I think you're off by about a decade there. The concept of psychoacoustic masking was conceived in the early 80s, and its predecessors were in early development at that point, but MP3 itself wasn't publicly released as a standard until 1993, and they didn't even start writing the first line of code for the first implementation of MP3 until 1991. That first reference implementation wasn't finished until 1996, and wasn't published publicly until 1998. By early 1999, just about everybody was using it.

PNG was adopted just as quickly, with just a little over a year between when it came out and when it was supported by every major browser (both of them...).

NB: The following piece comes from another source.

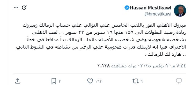 حسن المستكاوى الناقد الرياضى وعبر صفحته على منصة إكس كتب معلقاً :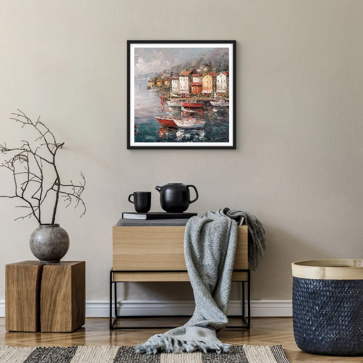 Poszter fehér keretben - Romantikus kikötő - 50x50 cm

Standards usually either are immediately adopted broadly or wither on the vine. It is pretty rare for a standard to get a slow start and then gain serious traction, with the exception of standards that were simply too complex for the computational power at the time (MPEG-2 video comes to mind). So assuming there's a published reference implementation of this algorithm, it will probably either be broadly deployed within 18 months or will be declared a dead standard.


----------



## adhocphotographer (Dec 24, 2014)

dgatwood said:


> I think you're off by about a decade there. The concept of psychoacoustic masking was conceived in the early 80s, and its predecessors were in early development at that point, but MP3 itself wasn't publicly released as a standard until 1993, and they didn't even start writing the first line of code for the first implementation of MP3 until 1991. That first reference implementation wasn't finished until 1996, and wasn't published publicly until 1998. By early 1999, just about everybody was using it.



I stand corrected...


----------